Nicole Renard is brilliant, accomplished, and determined. But despite all she is her father is focused on the one thing she’s not: a son. When he falls deathly ill and his fiercest business competitor takes drastic measures to ruin his company, he asks Nicole to find a husband who can serve as his heir to the business. Disappointed that he doesn’t view her as enough, but determined to save the family business, she accepts the task.
When her plans are forced off course by her father’s nemesis, Nicole is stranded in a small town with next to no money and fewer options. She decides to find work and earn passage on the next steamer to her intended destination. The problem is, finding work in late 1800s Texas as a woman is difficult. The only person who seems willing to hire her is the town eccentric.
Darius Thornton is a man on a mission. Several years ago a boiler exploded on one of his company’s steamers. Several passengers lost their lives and many more were injured. Darius was on the boat and nothing haunts him so much as a little girl who he couldn’t save. Now, he runs experiment after experiment to try to determine why so many boilers explode with no warning. If he can make the industry safer, nobody else has to die in the same sort of tragic accident. The only problem is that he is in desperate need of a secretary who can transcribe his notes into something legible and organized so that he can spend more of his time experimenting.

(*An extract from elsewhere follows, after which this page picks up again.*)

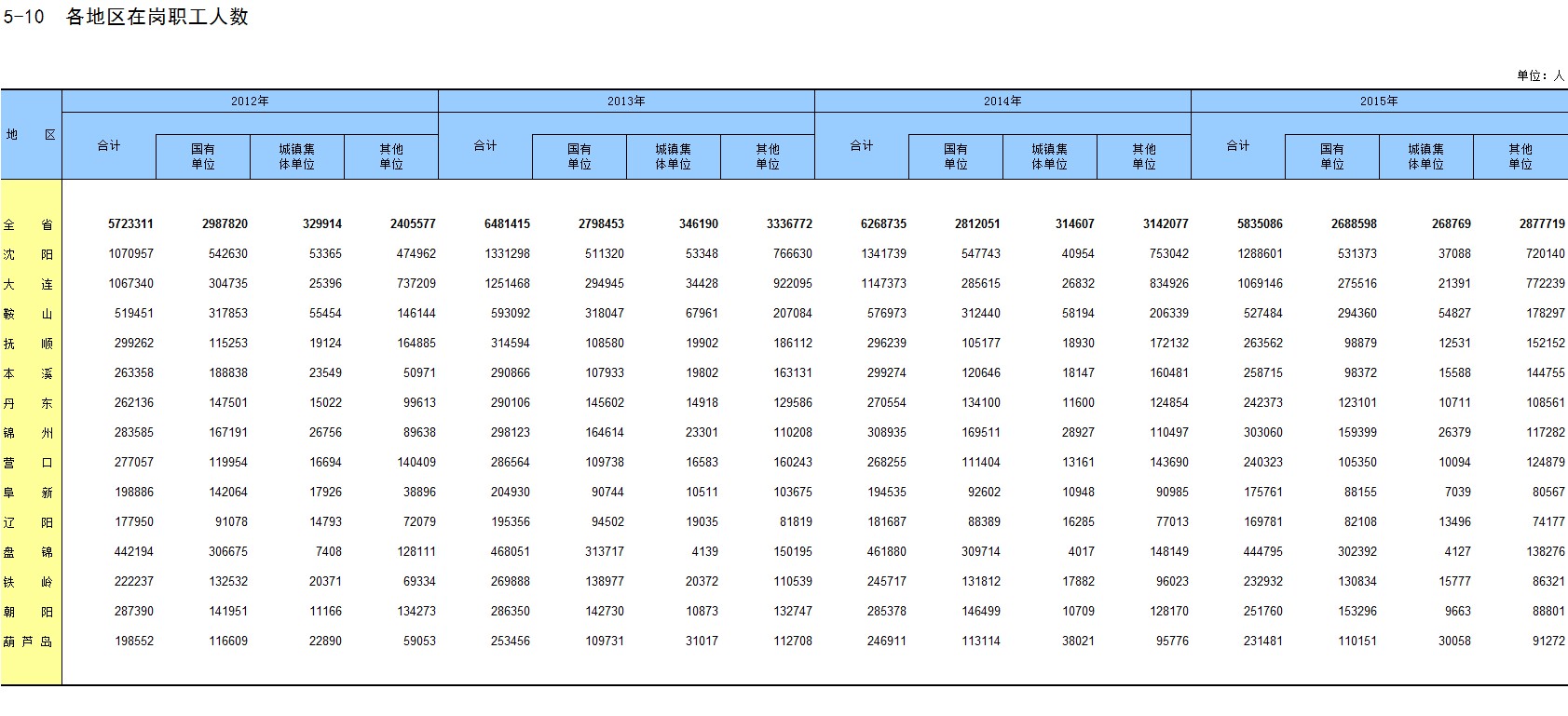 5-10 各地区在岗职工人数

Nicole has great admiration for Darius’ work and he has tremendous respect for her intellectual prowess. As they find their footing by working together, an attraction spawns. Nicole knows she must look for an heir, but she cannot deny her feelings for Darius either. When Darius discovers her intent, he shifts his laser-like focus from exploding boilers to convincing Nicole that he is the right man for her.
But with her father’s competitor closing in on Nicole’s location and with malice in mind, their time is running out. They must decide if they will let the currents pull them apart or cling to their love and forge on together, full steam ahead.
The concept of this one was cute as a button. It seemed like a good book to read while sitting on a beach on a hot summer day. But there are flaws. And you should know them before you begin it so you can decide if they are something you can live with.
The romance between the two main characters works for me because her attraction to him stems from more than just his countenance. While she does find him handsome, she doesn’t start to see him as such until after she realizes that he’s treating her as an equal. He thinks she’s beautiful from the start, but doesn’t care until after she displays her intelligence and assertiveness.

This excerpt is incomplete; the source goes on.